For as long as Orrie could remember, he wanted to learn to horseback ride.
He heard about other children with physical disabilities riding horses, but he had never visited a program where children who used wheelchairs learned to ride well enough that they eventually could ride horses on their own.
Orrie’s mom and dad had spoken to Orrie’s doctor who felt that the motion of the pony as it walked and trotted would be good exercise for Orrie’s legs. As the doctor put it, “Riding would be very therapeutic for you, Orrie.” Great, thought Orrie, the doctor is all for it. Now I have to find a Therapeutic Horseback Riding Program I can get to and my parents can afford.
There were no Therapeutic Horseback Riding Programs on or near “Can Do” Street. So, Orrie got on the Internet and found a program about 50 miles away. When his birthday rolled around in May, he asked Grandpa John to take him to see the program as his birthday present. The two of them set off one Saturday morning. Before they knew it they were there!
The Unicorn Therapeutic Riding Program rents space at a beautiful riding center with an indoor and an outdoor riding area. The program accepts children as young as three. The Unicorn Program has ponies for the little kids and horses for older kids and adults.
There are 3 certified riding instructors leading classes, a physical therapist and an occupational therapist on-site whenever the program is in session. There are also three volunteers for every rider; one leads the pony or horse around and the other two serve as side-walkers to make sure the rider was safe at all times. Orrie watched as a little boy took a lesson .

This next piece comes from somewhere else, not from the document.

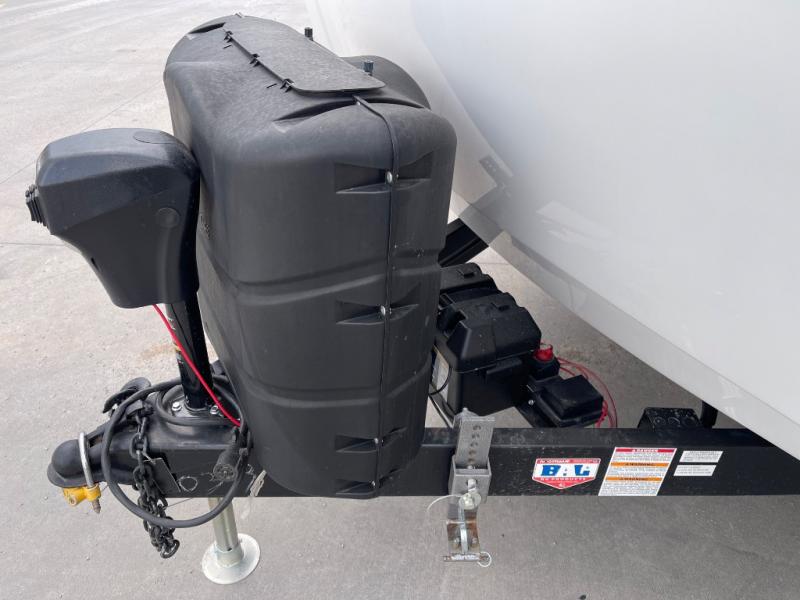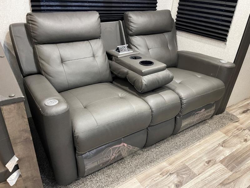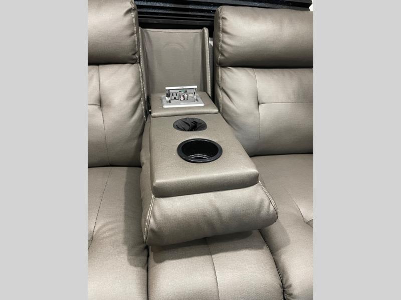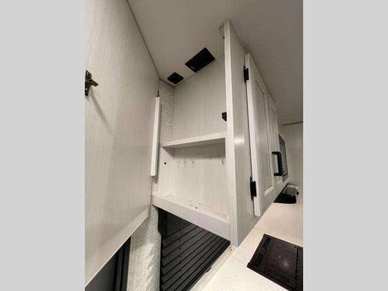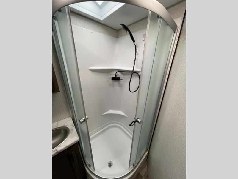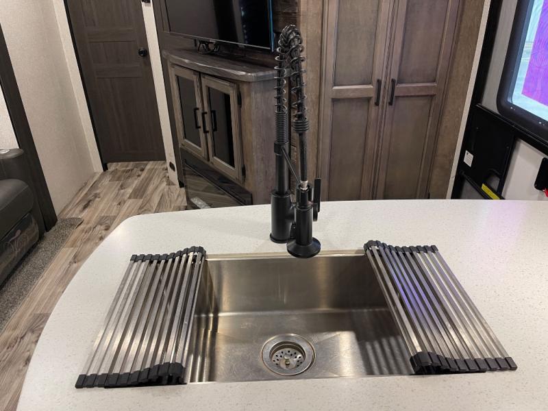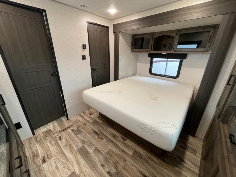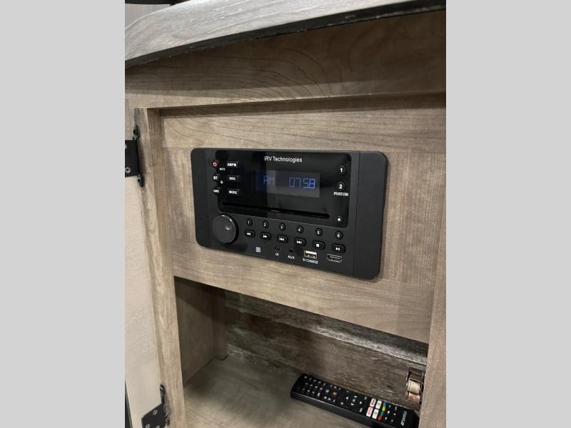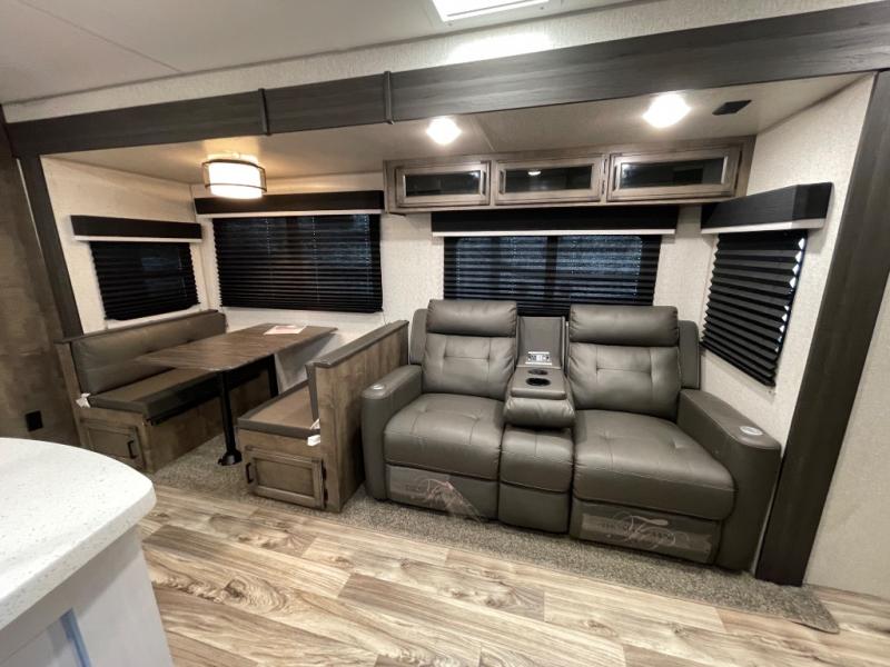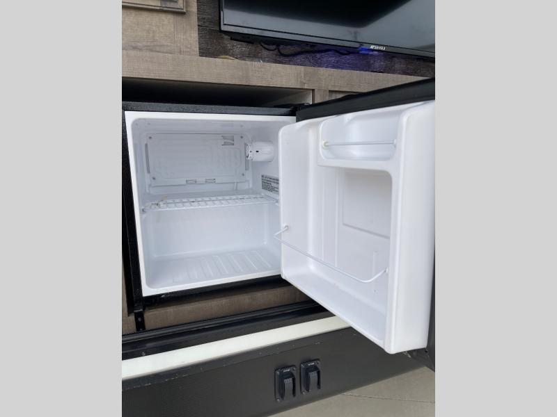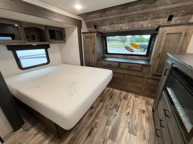 The whole family can camp together in this travel trailer! It features a rear private bunkhouse with a 28" x 70" top bunk above a 40" x 70" bottom bunk, a closet, and a 28" x 73" flip up top bunk above a 70" sofa with table slide. One of the dual entry doors leads directly into the half bathroom with fold-out aluminum steps so you can get back to having fun faster. The chef can prepare their best meals for the crew either indoors with the three burner cooktop or at the exterior campfire café with a 40" TV/DVD/speakers to entertain them while they cook. Everyone can gather together at the 42" grand dinette and 70" tri-fold sofa across from the entertainment center with a fireplace for a cozy evening. The dual entry bathroom is easy to access, especially for those staying in the front private bedroom. You even have a coat closet next to the main entrance to limit the clutter!

One of the instructors let Orrie sit on Oatmeal, the pony, and go for a brief walk around the ring with a leader and two side walkers. He was in heaven!
Driving back to “Can Do” Street, all Orrie could think about was how could he get to the Unicorn Program and take lessons?”
The lessons are free. They are supported by donations from generous people. Orrie kept thinking that there had to be a way to get there.
Grandpa John knew what he was thinking and said,”Orrie, we need to think about how you can get to the Unicorn Program. I don’t think I can take you every week. Grandma and I have the store to take care of. Your dad works weekends and your mom has three other kids to take care of and get to activities.
Orrie shared his wish and his visit to the Unicorn Program with Miss Pat and the class the following Monday. A few days later, Mr. Markle, the manager of “Can Do” Street Bank visited the class. After he greeted Miss Pat and the class he announced,” I’m here to present a cash award to the student of the year.”
Well, the class got quiet, very quiet. Then Mr. Markle announced,”The award goes to Orrie for not only being the best prepared for his lessons and getting the highest marks on his tests, but for always being willing to help other students with their studies.”
A cheer went up for Orrie and Mr. Markle handed him a check for 300 dollars.
Everyone wanted to know what he would do with the money. “That’s easy,” said Orrie,”I can pay someone to drive me to and from the riding program when my family can’t do it.”
Orrie turned to Mr. Markle and said, “Thanks for making my wish come true.” Mr. Markle smiled and said, “No Orrie, you did that by working hard. You earned that cash award. The bank is just recognizing your hard work.”